== WHAT IS NEEDED ==
Using the data below, set down every line from the one containing "Gebruik de zoekbalk" through the one containing "PREHNITE CRYSTAL CHUNKS", inclusive and unchanged. Pictures are to be skipped.

· · ·

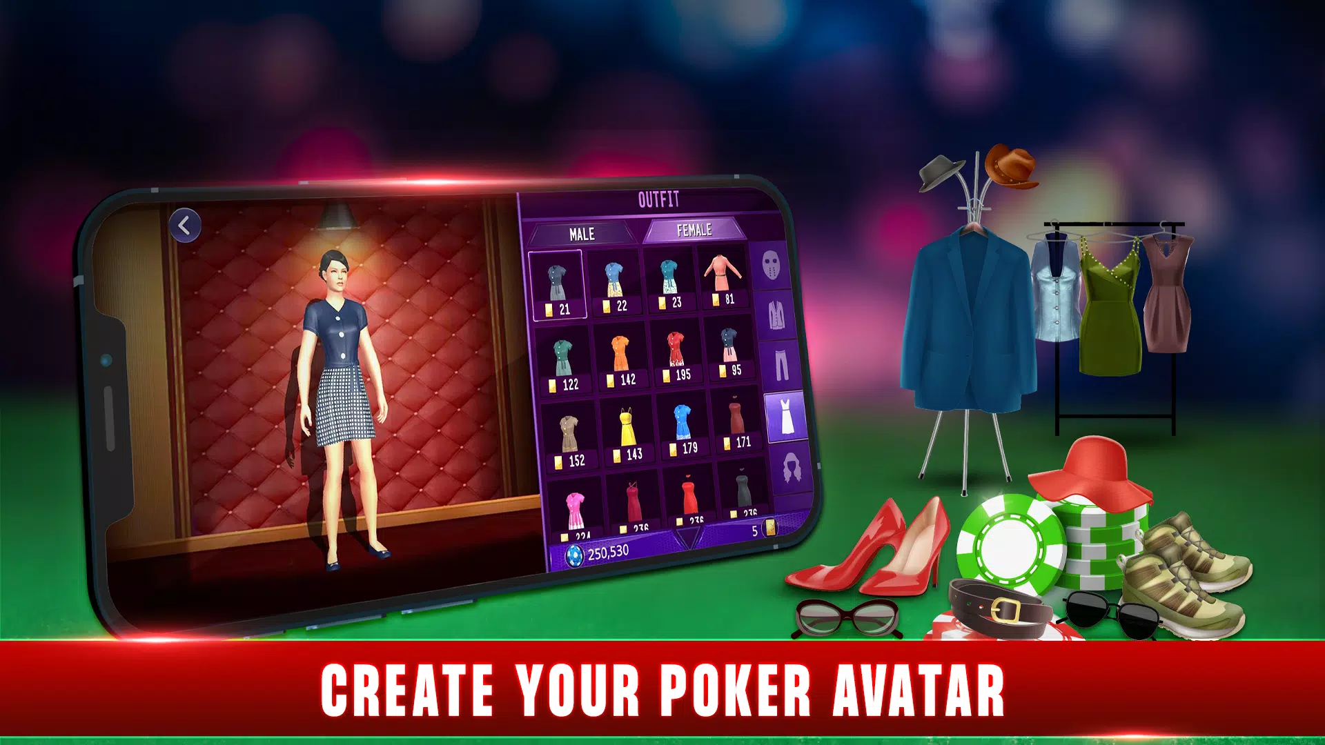 Customize your avatar & create your poker persona with a huge range of clothing and accessories.
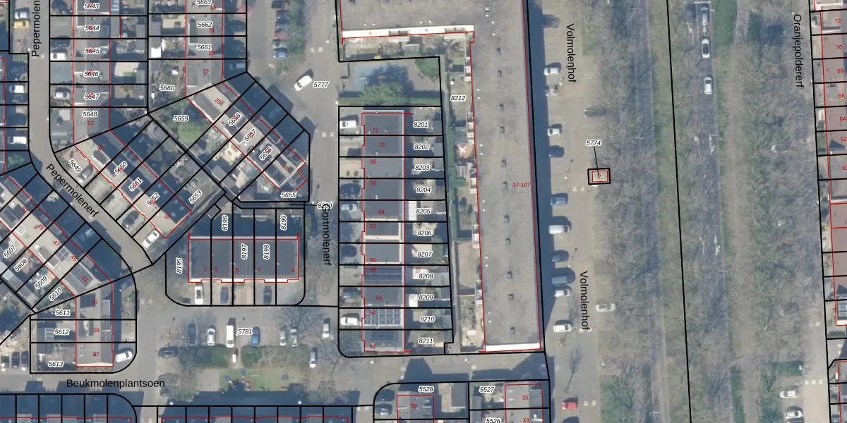 Gebruik de zoekbalk of klik op een perceel om informatie over het perceel te bekijken.
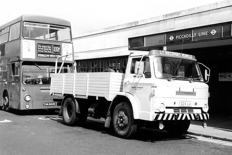 Details: Ford D1110 towing lorry 1990F looks quite fresh in this view taken at Hounslow West Station, suggesting that the date would be early 1977. As was often the case, it appears to be in attendance to a DMS-class bus. 1990F was based at Southall but moved to Merton before disposal in 1985. |
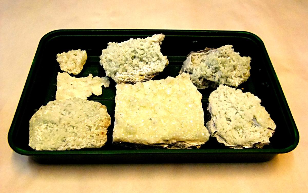PREHNITE CRYSTAL CHUNKS (ONE OFF TRAY LOT).   SP10306WHSHLF
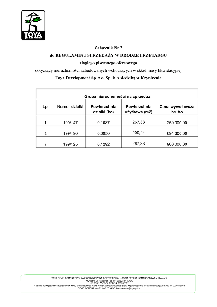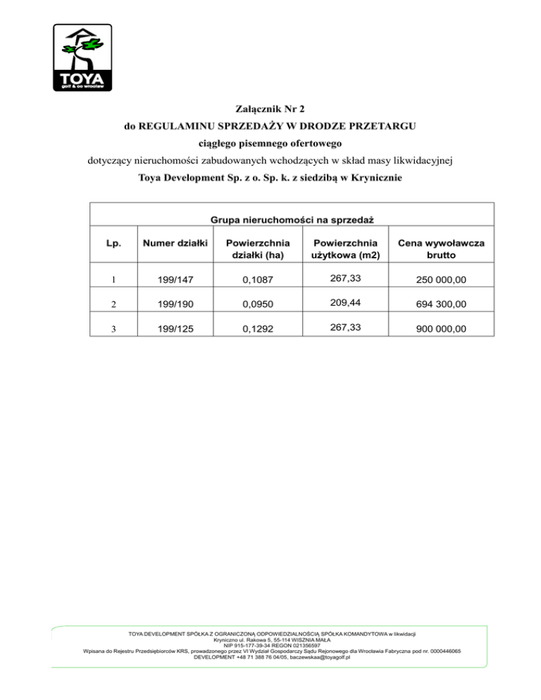 Załącznik Nr 2 do REGULAMINU SPRZEDAŻY W DRODZE PRZETARGU ciągłego pisemnego ofertowego dotyczący nieruchomości zabudowanych wchodzących w skład masy likwidacyjnej Toya Development Sp. z o. Sp. k. z siedzibą w Krynicznie Grupa nieruchomości na sprzedaż Lp. Numer działki Powierzchnia działki (ha) Powierzchnia użytkowa (m2) Cena wywoławcza brutto 1 199/147 0,1087 267,33 250 000,00 2 199/190 0,0950 209,44 694 300,00 3 199/125 0,1292 267,33 900 000,00 TOYA DEVELOPMENT SPÓŁKA Z OGRANICZONĄ ODPOWIEDZIALNOŚCIĄ SPÓŁKA KOMANDYTOWA w likwidacji Kryniczno ul. Rakowa 5, 55-114 WISZNIA MAŁA NIP 915-177-39-34 REGON 021356597 Wpisana do Rejestru Przedsiębiorców KRS, prowadzonego przez VI Wydział Gospodarczy Sądu Rejonowego dla Wrocławia Fabryczna pod nr. 0000446065 DEVELOPMENT +48 71 388 76 04/05, [email protected]

· · ·

== SOLUTION FOR THIS PROBLEM ==
 Gebruik de zoekbalk of klik op een perceel om informatie over het perceel te bekijken.
 Details: Ford D1110 towing lorry 1990F looks quite fresh in this view taken at Hounslow West Station, suggesting that the date would be early 1977. As was often the case, it appears to be in attendance to a DMS-class bus. 1990F was based at Southall but moved to Merton before disposal in 1985. |
PREHNITE CRYSTAL CHUNKS (ONE OFF TRAY LOT).   SP10306WHSHLF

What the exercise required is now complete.